BEI Ungkap Banyak Emiten Kejar IPO Sebelum Pilpres 2024

Balikpapan, IDN Times - Sepanjang 2023, Bursa Efek Indonesia (BEI) mencatat sudah ada 77 perusahaan yang melakukan penawaran saham perdana atau initial public offering (IPO).
Angka tersebut mencetak rekor dalam puluhan tahun terakhir, atau sejak periode 1990-an, di mana ada 66 perusahaan melantai di bursa dalam satu tahun.
Adapun dari 77 emiten itu, dana yang terhimpun sebesar Rp53,84 triliun.
“Jumlah emiten kita sudah 77 yang listing.
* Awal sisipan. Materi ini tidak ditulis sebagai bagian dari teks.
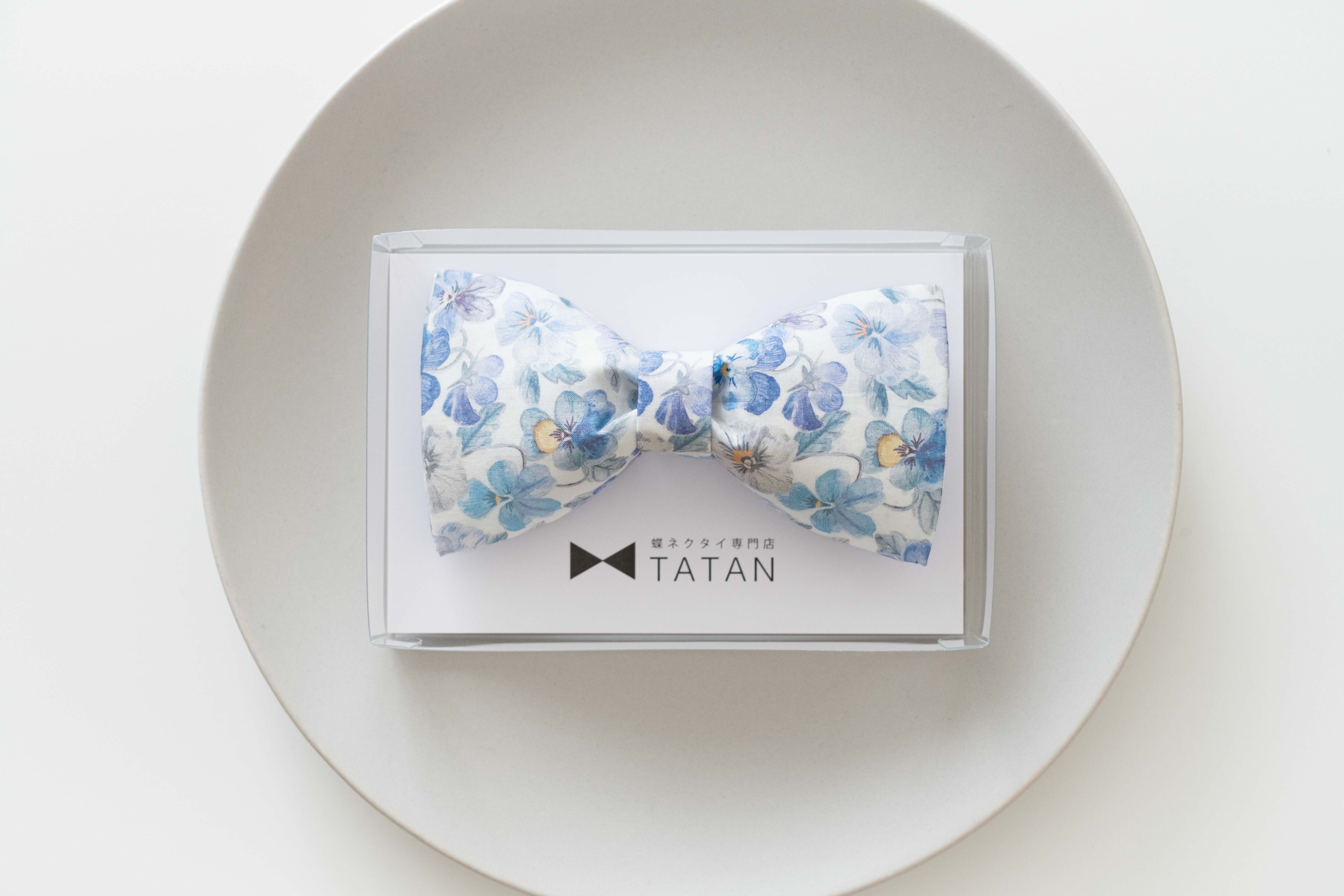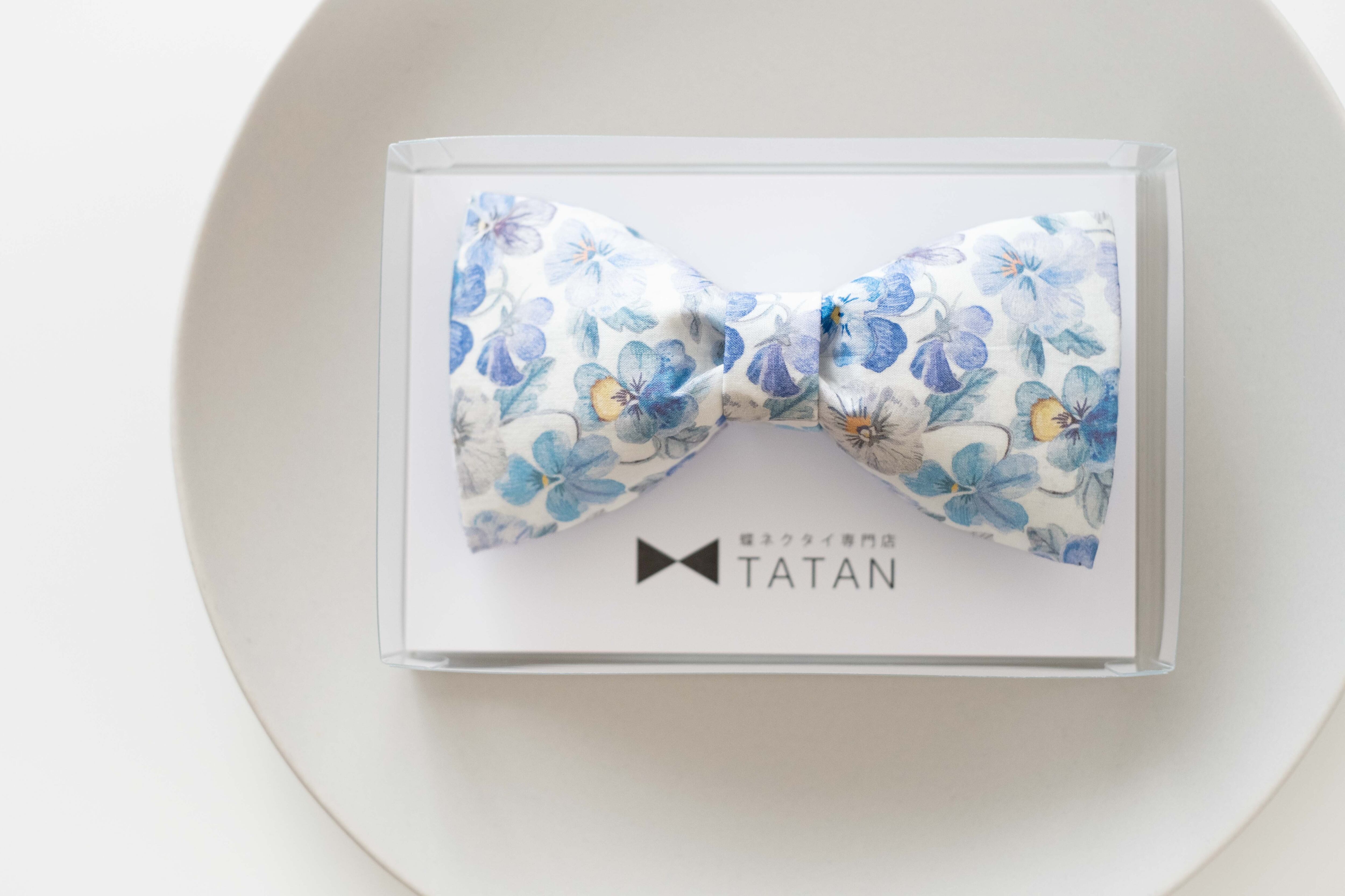 ブルーカラーのパンジーが連なったデザインの蝶ネクタイ。
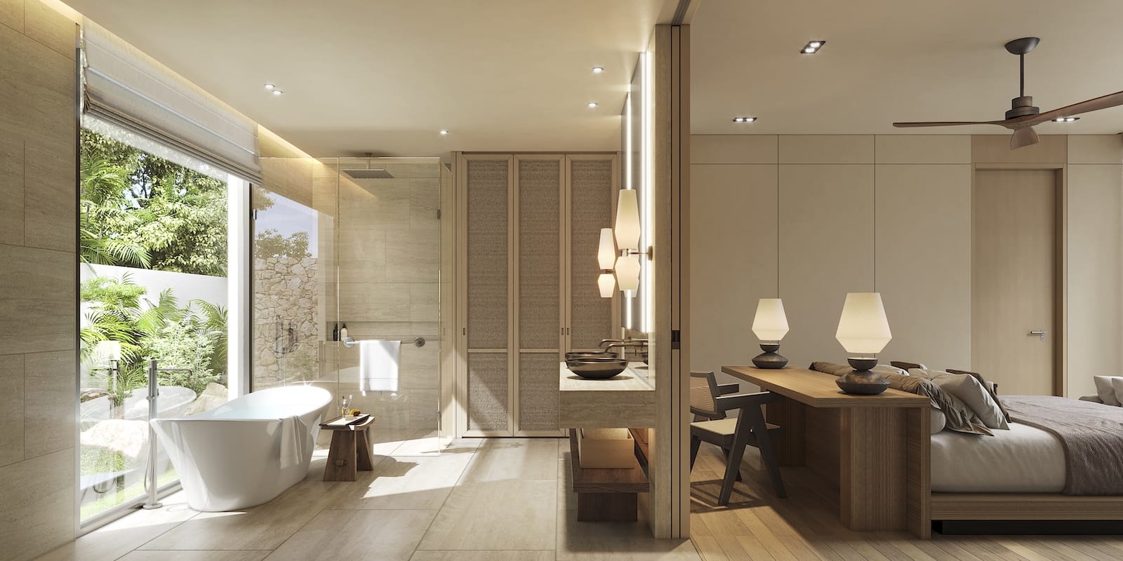 All'interno, le ville dispongono di quattro camere da letto con bagno privato, tra cui una o due spaziose suite padronali. Sono dotati di doppi mobili lavabo, vasche da bagno e finiture eleganti. Le camere degli ospiti sono posizionate lontano dalle principali zone giorno, garantendo privacy e comfort per la famiglia e i visitatori.
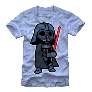 One of the most feared men in the galaxy gets a new look with the Star Wars Darth Vader Cartoon Heather Light Blue T-Shirt. A cartoon Darth Vader wielding his famous red lightsaber is printed on this awesome graphic tee.
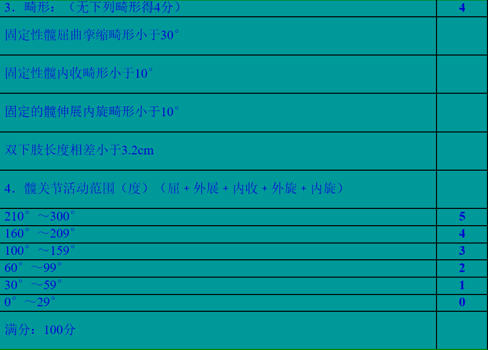 髋关节功能分为4级:70分以下为差; 70~79分为一般;80~89分为良; 90~100分为优。
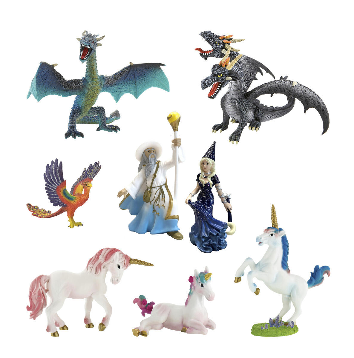 6 st/fp. Ett magiskt set som sätter fart på barnens fantasivärld. Innehåller enhörning, enhörningsföl, Pegasus, Pegasus med regnbågsmönster, svart Pegasus och en guldfärgad drake. Höjd på hästar ca 12 cm. Av PVC, fria från ftalater. Från 3 år.
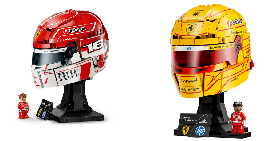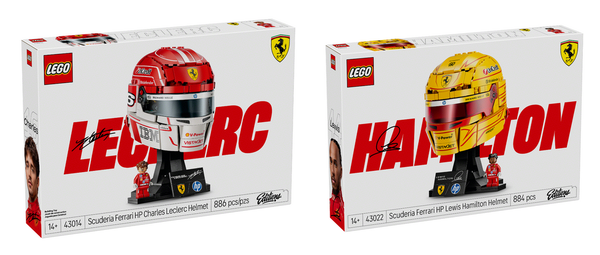 Компания LEGO официально представила две новые модели шлемов Формулы-1 с пилотами Scuderia Ferrari HP: это набор 43014 Scuderia Ferrari HP Charles Leclerc Helmet и 43022 Scuderia Ferrari HP Lewis Hamilton Helmet. Они появятся в продаже 1 мая 2026 года.
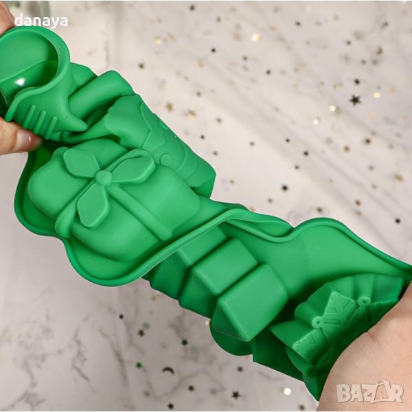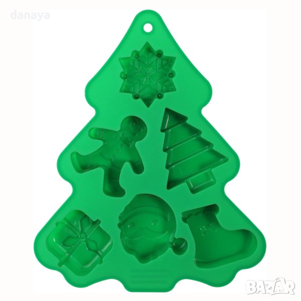 Коледна силиконова форма за печене с 6 гнезда. Ще направите вкусни домашни кексчета с форма на Дядо Коледа, коледно ботушче, коледен подарък, снежинка, джинджифилово човече и елхичка. Формата е подходяща за приготвяне на коледни сладки, коледни кексчета, мъфини и други сладкиши.

Jadi kalau kita bicara bahwa record kita terbanyak adalah 66 di tahun 1990-an, tahun ini kita pecahkan rekor, dan masih ada waktu 1,5 bulan lagi,” kata Iman dalam acara capital market journalist workshop di Novotel Balikpapan, Kalimantan Timur (Kaltim), Jumat (17/11/2023).
1. Emiten kejar tayang IPO sebelum Pilpres 2024

Iman mengatakan banyaknya emiten yang melantai di bursa tahun ini karena dua hal. Pertama, adanya pengunduran jadwal IPO dari tahun lalu. Kedua, banyak perusahaan yang mengejar IPO sebelum Pemilihan Presiden (Pilpres) 2024 yang digelar pada 14 Februari 2024.
“Kalau kita mengamati, IPO yang terjadi saat ini, ini adalah karena delay tahun lalu, dan percepatan dari 2024. Jadi kita lihat pada hari ini yang IPO ada 77 year to date (YTD). Itu kalau kita lihat beberapa percepat ke 2023 ini, karena mereka melihat tahun depan pemilu,” ucap Iman.
2. Pergerakan bursa saham masih kondusif

Adapun terkait kinerja bursa saham, menurutnya masih kondusif meski pesta politik telah dimulai. Hal itu salah satunya terlihat pada pergerakan Indeks Harga Saham Gabungan (IHSG) yang lebih tinggi dibandingkan tahun lalu.
“Kita lihat indeks kita akhir tahun lalu tutup di 6.800-an, hari ini indeksnya 6.900-an. Walaupun side ways, kadang-kadang 6.700-an, 6.800-an, 6.900-an, bahkan tadi Pak Anton sampaikan pernah 7 ribu,” ucap Iman.
3. Investor lebih memperhatikan faktor ekonomi makro dibandingkan gejolak politik

Pada 2024, BEI optimistis kinerja bursa saham tetap baik. Sebab, menurutnya investor lebih memperhatikan faktor-faktor ekonomi makro, seperti kenaikan suku bunga acuan Amerika Serikat (AS), dan sebagainya ketimbang gejolak politik.
“Kita tahu pemilu kita akan dilaksanakn di 14 Februari, justru kita perlu suasananya kondusif dan orang mulai berinvestasi. Yang terjadi selama ini, penurunannya karena faktor makro, terjadi interest rate dari AS yang terus meningkat. Faktor-faktor itu yang menurut saya lebih dominan dari faktor politiknya,” ucap Iman.